I asked Susan why she thought Isabel wanted her to wait. Susan let out a huge sigh and responded:
“I guess I should have anticipated this. Since she left home for college, she’s been keeping me at a distance. When I worried about her in college, she would take forever to respond to my contacts. I remember explaining that it’s a mother’s job to be concerned and she told me it made her feel like I don’t think she can take care of herself and I need to stop. She was partly right. I still don’t think she knows how to be a mother to a newborn and should welcome my input. But I fooled myself about this. I suppose I need to feel like I’m valued as a mother, and I do get worried that she is too independent and will get herself into trouble.”

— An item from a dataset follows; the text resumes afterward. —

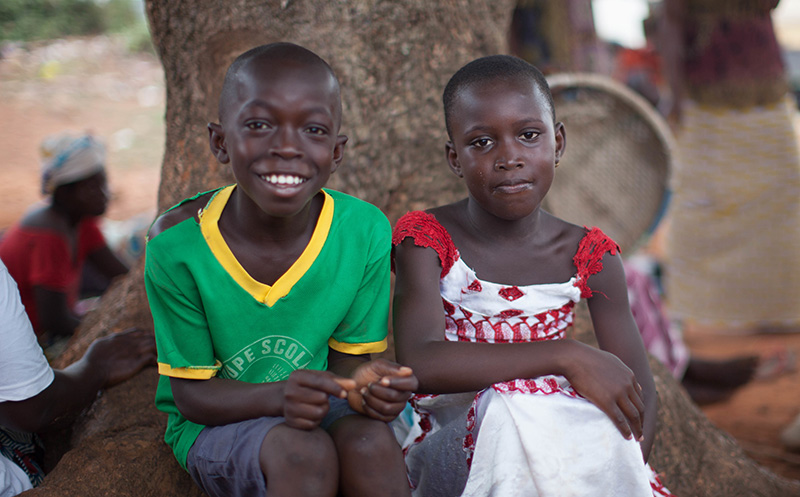 The image above shows children of members of SCINPA – a Fairtrade-certified cocoa-producing coop in Agboville, Ivory Coast. SCINPA has 2,500 members with farms mainly between 5 and 10 hectares. Their members earn around 90% of their income from cocoa and their harvests have recently been badly affected by climate change and drought. The coop is using Fairtrade premium payments for building schools, with the goal of eliminating child labor in the area.
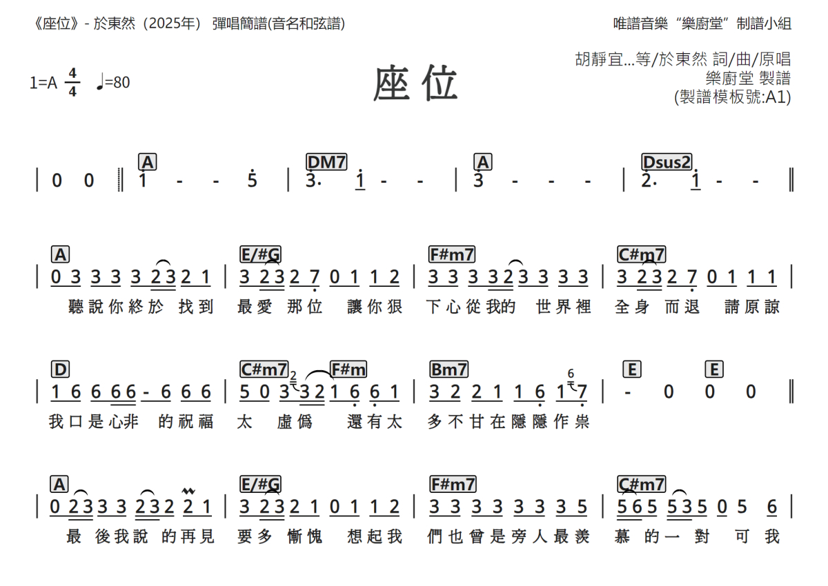 于东然《座位》简谱 - 音名和弦谱

I reminded Susan that she has been talking with me for some time about how distressed she is about Isabel. When she first came to see me, she was overwhelmed with anxiety that Isabel was about to make a mistake and marry Jake. She was hurt and angry that she had been given no clue that the relationship had progressed to the point of engagement. I recalled that early in our work she had told me she didn’t know why Isabel kept her out of the loop on everything, and I reminded her that we have been looking at that question in our work. Then I asked, “What have you come to understand about this?”

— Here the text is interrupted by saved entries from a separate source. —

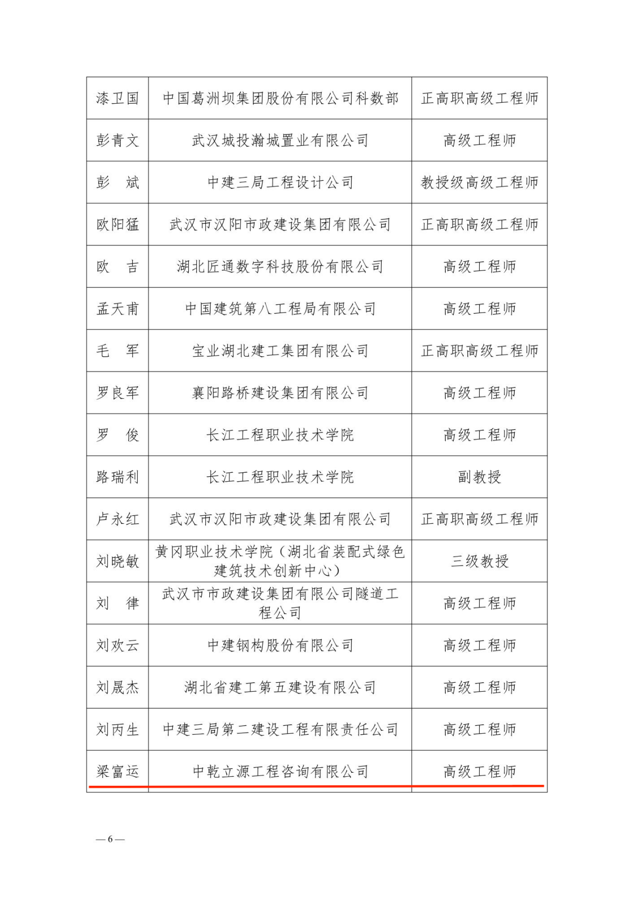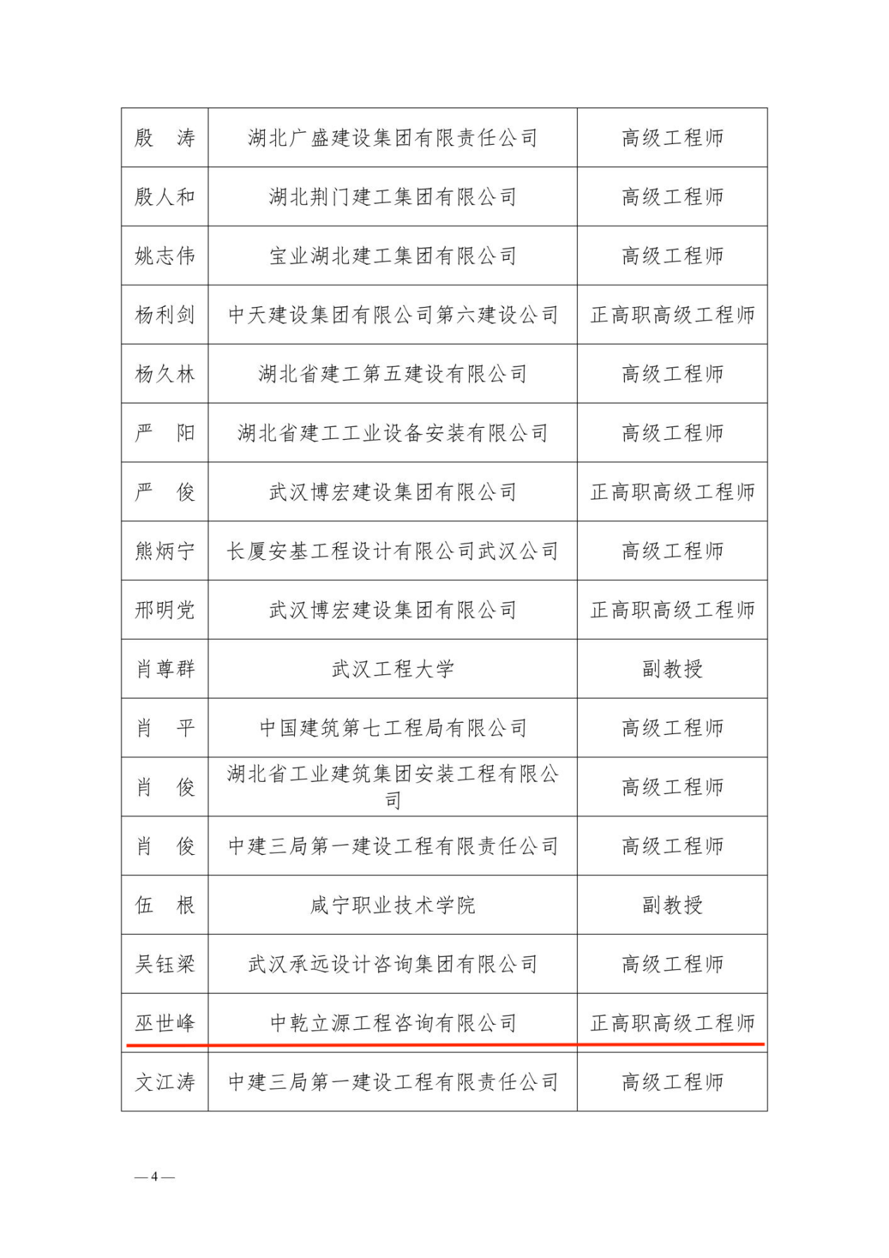 近日,湖北省建筑业协会发布《关于公布湖北省建筑业协会团体标准专家、企业文化建设专家的通知》(鄂建协﹝2025﹞69号),经个人自愿申请、所在单位推荐、协会组织严格审核,并经湖北省建筑业协会第八届专家委员会第二次全体会议审议,产生湖北省建筑业协会团体标准专家98名、工程建设企业文化建设专家12名。中乾立源工程咨询有限公司董事长巫世峰、总裁梁富运成功获聘湖北省建筑业协会团体标准专家。
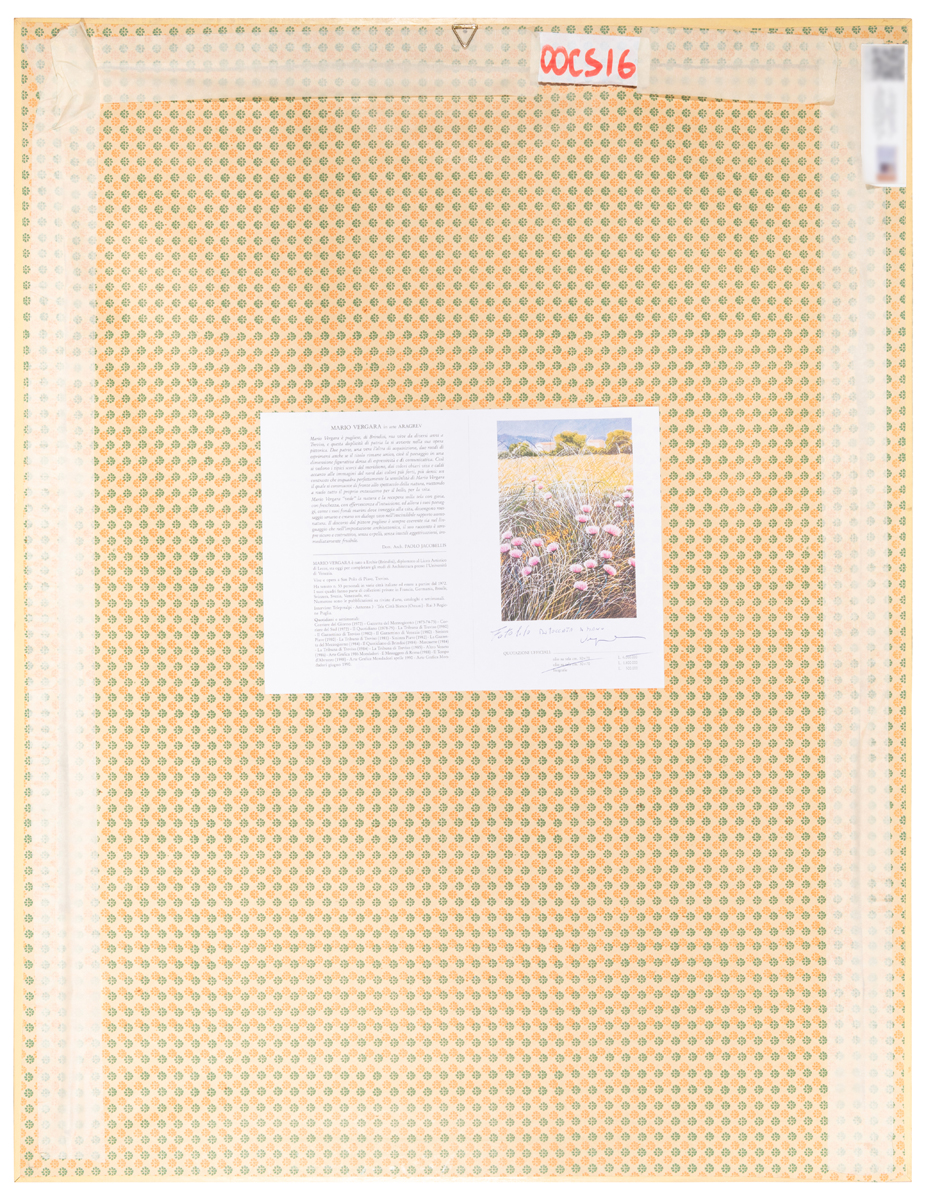 Elementi distintivi: sul verso, etichetta con informazioni sull’artista
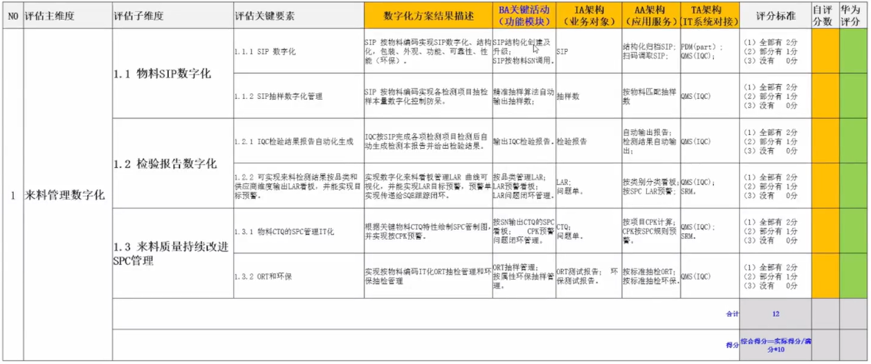 组织TQC及各利益相关方(含数字化使能专家)和供应商起现场逐个要素评估现状对标能力基线,识别能力建设机会点形成建设路标。
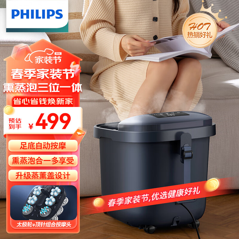 飞利浦(PHILIPS)泡脚桶恒温加热泡小腿洗脚盆 电动按摩揉捏加热足浴盆全自动泡脚盆养生礼品送长辈3205F价格:499.00元!

Susan shook her head sadly. “I know, I know. Isabel has to live her own life. Jake turned out to be great. I have to remember that my anxiety about Isabel’s life is about my own needs to feel like a good mother. When she was younger, I felt we were two peas in a pod and I always knew exactly what was right for her. That made me feel like a good mom. Now, she has such a different life from mine that I don’t always know who she is or how to be her mom.”
I recognized how painful this was for Susan, who wanted to feel like a good mother and desirable grandmother. I thought it important to remind her that lately she has been doing a good job thinking about what Isabel wants and being less intrusive. I told her I knew it was difficult to wait for Isabel to ask her on rare occasions for advice. I also hypothesized that perhaps becoming a grandmother triggered her feelings of wanting to be a good mother/grandmother and she was reverting to old patterns of wanting to be involved on her terms, not Isabel’s.

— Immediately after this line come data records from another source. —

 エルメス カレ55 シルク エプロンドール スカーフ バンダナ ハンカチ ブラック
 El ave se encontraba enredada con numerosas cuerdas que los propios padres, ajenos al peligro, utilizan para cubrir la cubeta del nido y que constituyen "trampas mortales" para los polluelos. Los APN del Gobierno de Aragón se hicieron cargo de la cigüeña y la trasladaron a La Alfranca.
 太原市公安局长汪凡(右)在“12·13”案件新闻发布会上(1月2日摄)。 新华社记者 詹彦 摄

Hopefully, Susan will have an opportunity when she visits Isabel to practice what is so difficult to do: not attempt to influence Isabel’s thoughts and feelings. She knows the more she can admire and recognize Isabel’s differences, the more likely Isabel will learn to see her as uncritical and not controlling. Susan is working on this.
When mom and her little girl spend their early years thinking of each other as the same, the daughter’s seeking to separate can become a painful process for both. If the daughter wants to remain the child and not venture into the grown-up world, the mother who sees this as problematic faces the dilemma of how to help launch her daughter without creating feelings of abandonment and rejection. When the mother finds separation painful, she has to learn how to give her daughter space so they can attach in a new way.
Mother and daughter ultimately have to understand that being separate and different, rather than the same and enmeshed, facilitates a stronger experience of attachment: When you are the same or one, the relationship is symbiotic, with no space between the two. When you are two separate, distinct people, there is a space within which each can attach to the other. That may be the best contact of all.
Note: To protect privacy, names in the preceding article have been changed and the dialogues described are a composite.